Network-based Information Integration for Protein Function Prediction

Network-based Information Integration for Protein Function Prediction
Author: Xiaoyu Jiang
Publisher:
Total Pages: 182
Release: 2009
Genre:
ISBN:

Download Network-based Information Integration for Protein Function Prediction Book in PDF, Epub and Kindle

Abstract: Protein function prediction is a fundamental problem in computational biology. For protein activities described by terms in databases such as the Gene Ontology (GO), this task is typically pursued as a binary classification problem. As a result of an astonishing increase in the available genome-wide protein information, integrating different protein datasets has become a significant opportunity and a major focus to infer functionality. This dissertation contains three novel approaches to integrate popular protein information to classify proteins into functional categories.

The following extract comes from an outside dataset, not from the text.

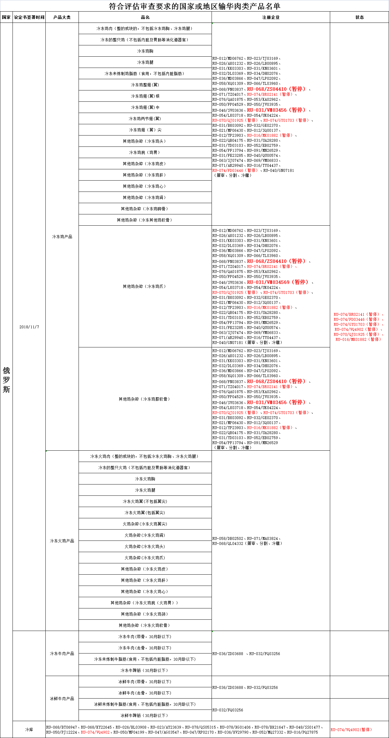 ⬆ 2.暂停受理俄罗斯注册编号为RU-068/ZS04410、RU-031/VM03456企业自2021年8月21日起启运的输华禽肉产品进口申报。

A probabilistic method, Hierarchical Binomial-Neighborhood (HBN), combining proteins' relational information from the protein-protein interaction (PPI) network, together with the GO hierarchical structure, is proposed first. Results from comparing analogous models on terms from the biological process ontology and genes from the yeast genome show substantial improvement and further analysis illustrates that such an improvement is uniformly consistent with the GO depth. Being aware of the fact that the gene interaction knowledge is still incomplete in most organisms, the second approach we develop is an aggressively integrative probabilistic framework, Probabilistic Hierarchical Inferences for Protein Activity (PHIPA), with improved data usage efficiency, for combining protein relational network, categorical motif and cellular localization information and the GO hierarchy. We implement it on a network extracted from an integrative protein-protein association databases STRING (Search Tool for the Retrieval of Interacting Genes/Proteins). Being based on Nearest-Neighbor, or the "guilt-by-association" counting principle, both HBN and PHIPA use only the local neighborhood information, and are therefore built on local probabilistic models. In contrast, we develop a third approach, a fully Bayesian network-based auto-probit framework encoding the functional similarity influenced by the network topology. We not only show that the auto-probit model works equally well in prediction as the "local" methods, but also demonstrate its capability of producing more potentially interesting protein predictions by taking advantage of GO annotation uncertainty, which is critical in using and improving the GO database but yet has been ignored by most existing methodologies in this context.